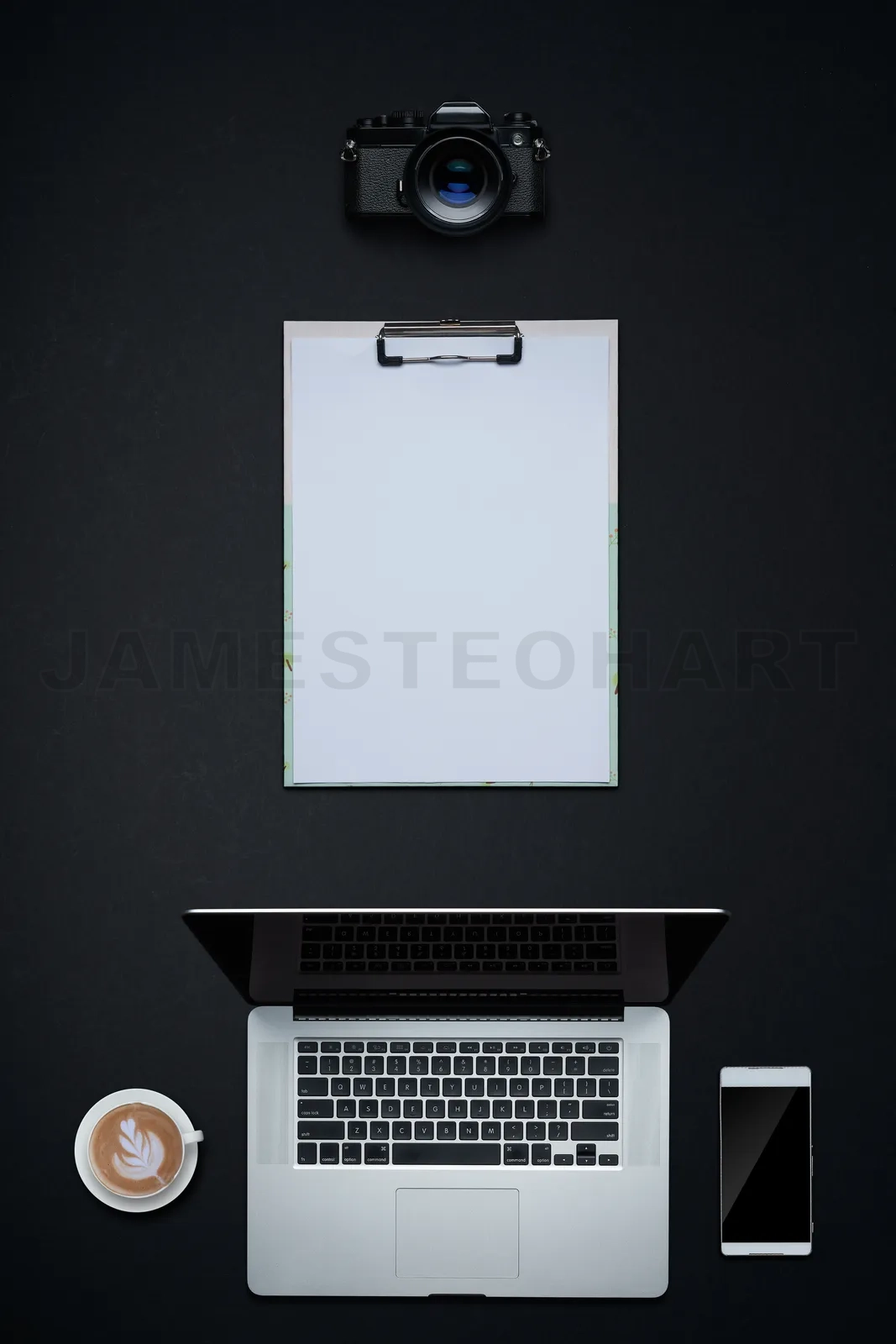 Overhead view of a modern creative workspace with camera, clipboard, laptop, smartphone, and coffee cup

...

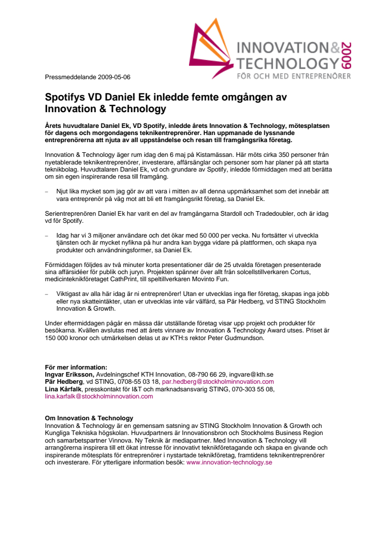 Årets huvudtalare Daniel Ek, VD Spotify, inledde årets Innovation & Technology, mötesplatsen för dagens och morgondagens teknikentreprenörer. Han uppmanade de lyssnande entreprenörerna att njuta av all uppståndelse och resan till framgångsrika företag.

==

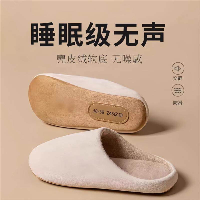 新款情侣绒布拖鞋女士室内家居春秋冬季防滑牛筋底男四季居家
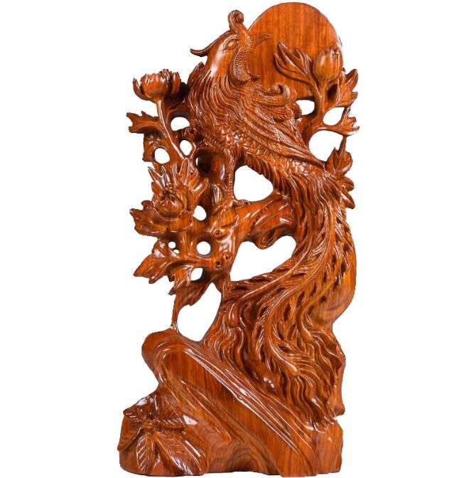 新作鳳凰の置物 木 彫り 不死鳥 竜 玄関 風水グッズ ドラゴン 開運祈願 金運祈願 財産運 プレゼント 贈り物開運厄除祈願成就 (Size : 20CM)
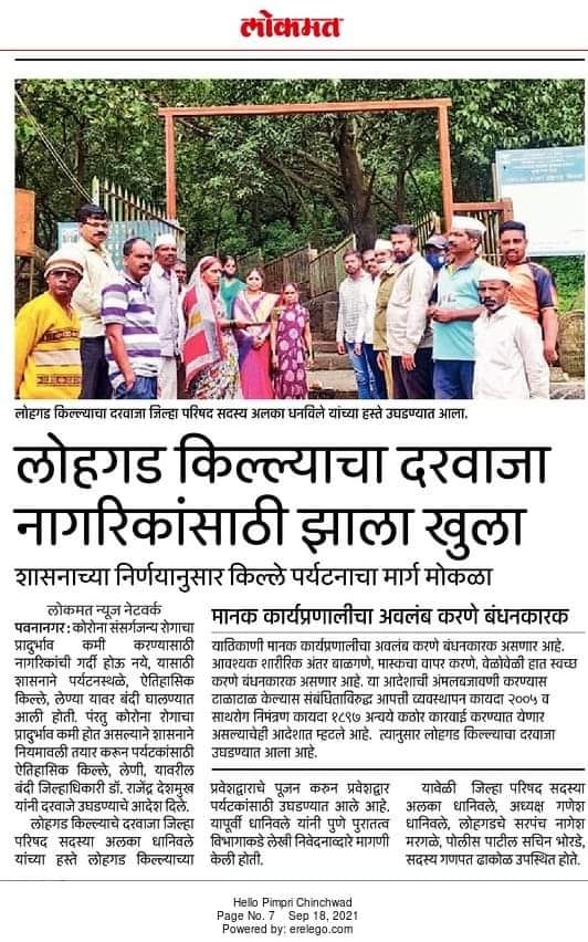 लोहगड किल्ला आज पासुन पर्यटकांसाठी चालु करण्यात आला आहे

__PROMPT__:
The material above holds pictures; leave them out. Repeat exactly the lines from the one containing "新作鳳凰の置物 木 彫り" through the one containing "लोहगड किल्ला आज", and nothing else.

__WRITTEN RESPONSE__:
 新作鳳凰の置物 木 彫り 不死鳥 竜 玄関 風水グッズ ドラゴン 開運祈願 金運祈願 財産運 プレゼント 贈り物開運厄除祈願成就 (Size : 20CM)
 लोहगड किल्ला आज पासुन पर्यटकांसाठी चालु करण्यात आला आहे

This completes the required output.